The COVID-19 Pandemic and Relations between China and the United States

The global panic over the COVID-19 pandemic is starting to have an extremely negative impact on all aspects of people’s lives. The impact that problems associated with the coronavirus outbreak are having on various aspects of the Great Global Game of politics today is therefore bound to remain a preoccupation.

Unfortunately, the one thing that is making COVID-19 such a tough match for humanity is the weaknesses of human nature, which are to blame for various failed attempts to solve these problems, particularly in international relations.

There is a popular theory that has been around for decades, going back as far as the Cold War, that if aliens were to invade planet Earth, this common threat to the future of humanity could have the power to unite rivals who had been sworn enemies up to that point in an effort to mobilize a joint response.

And now that threat is here, which we are all equally vulnerable to. It may as well have come from another planet. One would think that now is the time to do everything we can to join forces and fight this unprecedented threat to all humanity. Above all, one would expect the two main participants in today’s Great Global Game, the United States and China, to move in this direction and take some kind of action.

Unfortunately, the universal gesture of unity in the face of adversary, joining hands with friends, is not something the US and China want to do in the current situation.
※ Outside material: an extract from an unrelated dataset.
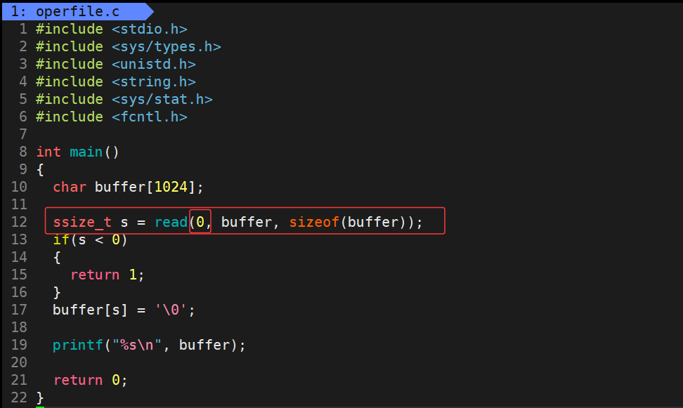 此时数据就被read将数据读取进buffer字符数组内了,由于文件中并没有对于字符串以\0结尾的规定 ,由于我们使用的是C语言,c语言在内存中无法区分出字符串,所以要在字符串的结尾处添加\0作为字符串结尾的标志,此时字符串才可以正常被打印出来,需要注意的是,最后输入的换行符同样会被当作有效字符读取,所以也会被读取,所以才会出现两个换行

Moreover, COVID-19 is already being used as yet another tool, a weapon in a fight that was already being fought with a vengeance on all fronts before the coronavirus outbreak. To be more specific, the outbreak threatens to derail a positive trend that was beginning to be seen in bilateral relations, which began to take shape on January 15 this year after the US-China “Phase 1” trade agreement was signed.

The latest sign of the growing tensions in US-China relations was reported on the Daily Beast news website and by Bloomberg news agency. At a National Security Council meeting chaired by the President of the United States on March 20, it was “alleged that Beijing concealed and minimized the spread of the disease within its borders until it was too late to stop a global outbreak,” withholding initial information about the virus, a new weapon, from its own people and the world.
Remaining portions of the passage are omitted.